WERKSTATT DES MICHAEL WOLGEMUT (MALER DES FEUCHTWANGER RETABELS?), MARIA MIT DEM KIND ZWISCHEN DEN HEILIGEN BARTHOLOMÄUS, HELENA, BARBARA UND JODOKUS

Datierung: um 1483
Ort: Nürnberg

Material/Technik: Malerei auf Kiefernholz
Inventarnummer: Gm141, Leihgabe der Bayerischen Staatsgemäldesammlungen, München / Wittelsbacher Ausgleichsfonds, Inv.Nr. WAF 1201

Welche Funktion erfüllte die Tafel?
Es handelt sich um ein Bildepitaph, dass dem Gedächtnis des unten links dargestellten Magisters Jodokus Krell gewidmet ist. Krell amtierte als Vikar in der Nürnberger Lorenzkirche und starb 1483. Die zu Bildepitaphien gehörende Sterbeinschrift ist heute verloren, befand sich aber ursprünglich auf einer für Nürnberger Epitaphien typischen Verdachung des Bildes. Es diente der Pflege des Totengedächtnisses und sollte den Betrachter zum Gebet für das Seelenheil des Verstorbenen anregen.

Wo hing das Bildepitaph?
Ursprünglich war das Gemälde an der linken Säule der Scheitelkapelle im Chorumgang der Nürnberger Lorenzkirche angebracht. In unmittelbarer Nähe befand sich das Grab Jodokus Krells. Es war üblich, Epitaphien nahe der Begräbnisstätte der Bedachten aufzuhängen. In der genannten Kapelle befand sich auch der von Krell um 1480 gestiftete Bartholomäusaltar. Er steht noch heute am selben Ort. Retabel und Epitaph waren nicht nur räumlich, sondern auch inhaltlich eng aufeinander bezogen, da sie dasselbe Figurenpersonal zeigen.
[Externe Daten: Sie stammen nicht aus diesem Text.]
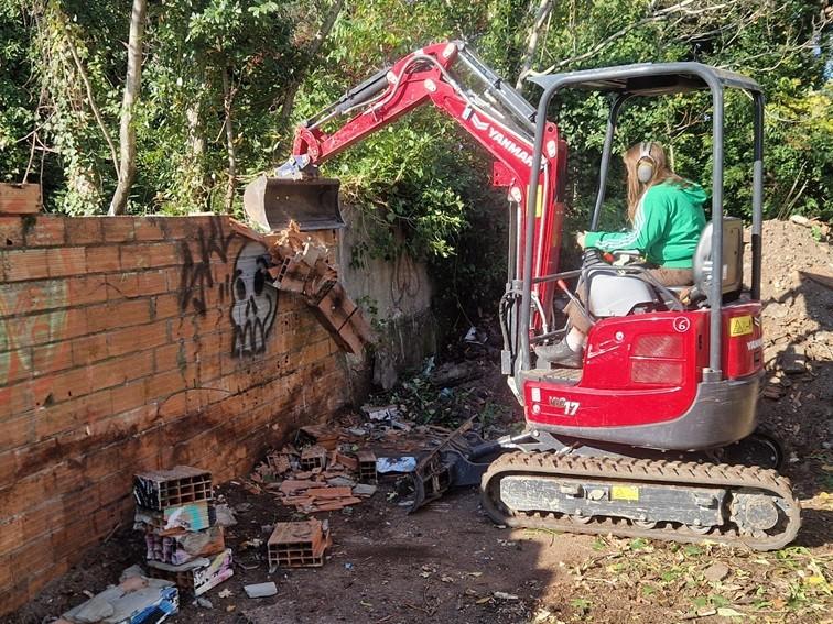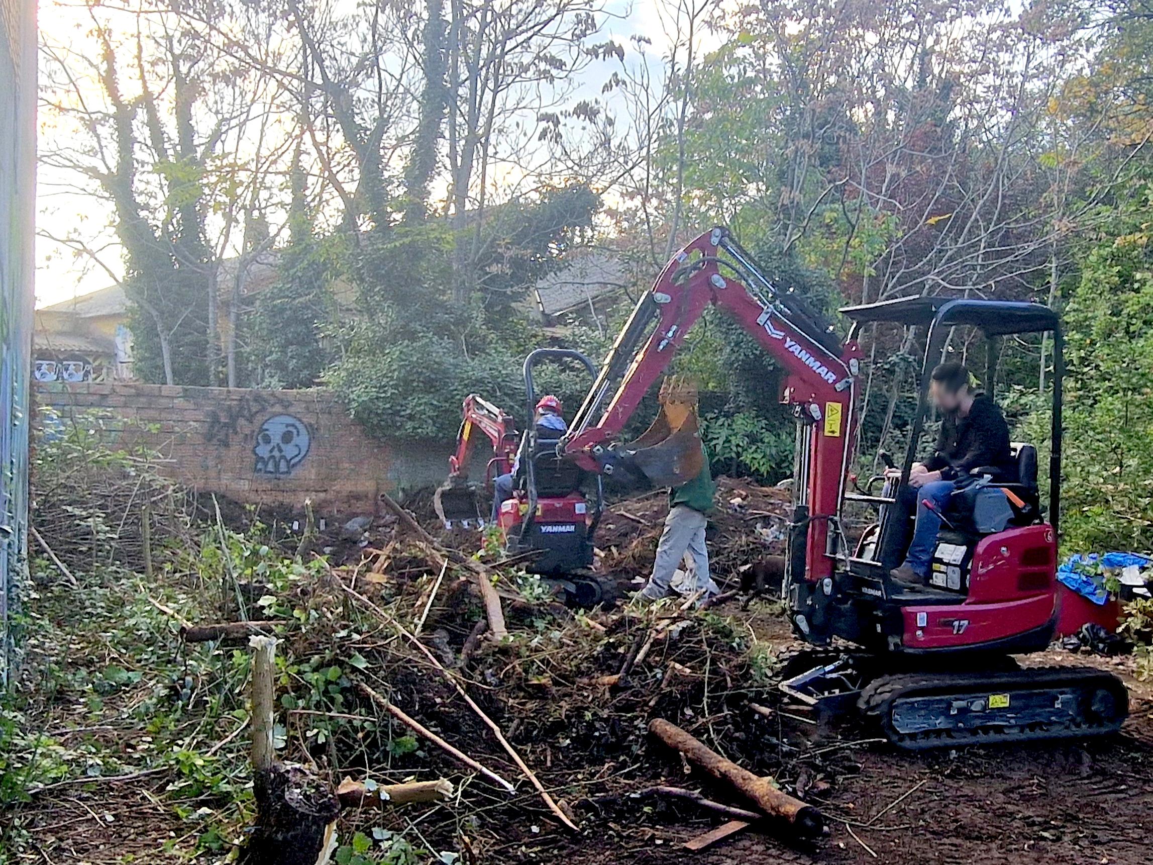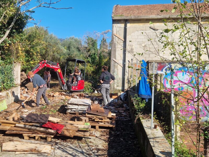 L’attività di pulizia, disboscamento, abbattimento muri e rimozione macerie è stata l’occasione per provare insieme nuove attrezzature (escavatori e altri attrezzi manuali) e per un lavoro conviviale che simula le situazioni in cui operare durante le emergenze.

Wie ist zu ermitteln, in welcher Werkstatt das Gemälde angefertigt wurde?
Das Epitaph lässt sich der Werkstatt Michael Wolgemuts (1434–1519) zuweisen. Zum einen entsprechen die stilistischen Merkmale, wie etwa die spezifische Gesichtsbildung der Figuren, dem Formenvokabular vieler Gemälde aus der Wolgemut-Werkstatt. Zum anderen wird die Zuschreibung durch kunsttechnologische Beobachtungen gestützt. Beispielsweise fanden die Muster der Pressbrokate, mit denen der Maler die Gewänder der Figuren dekorierte, auch an vielen anderen Werken aus dem Atelier Wolgemuts Verwendung.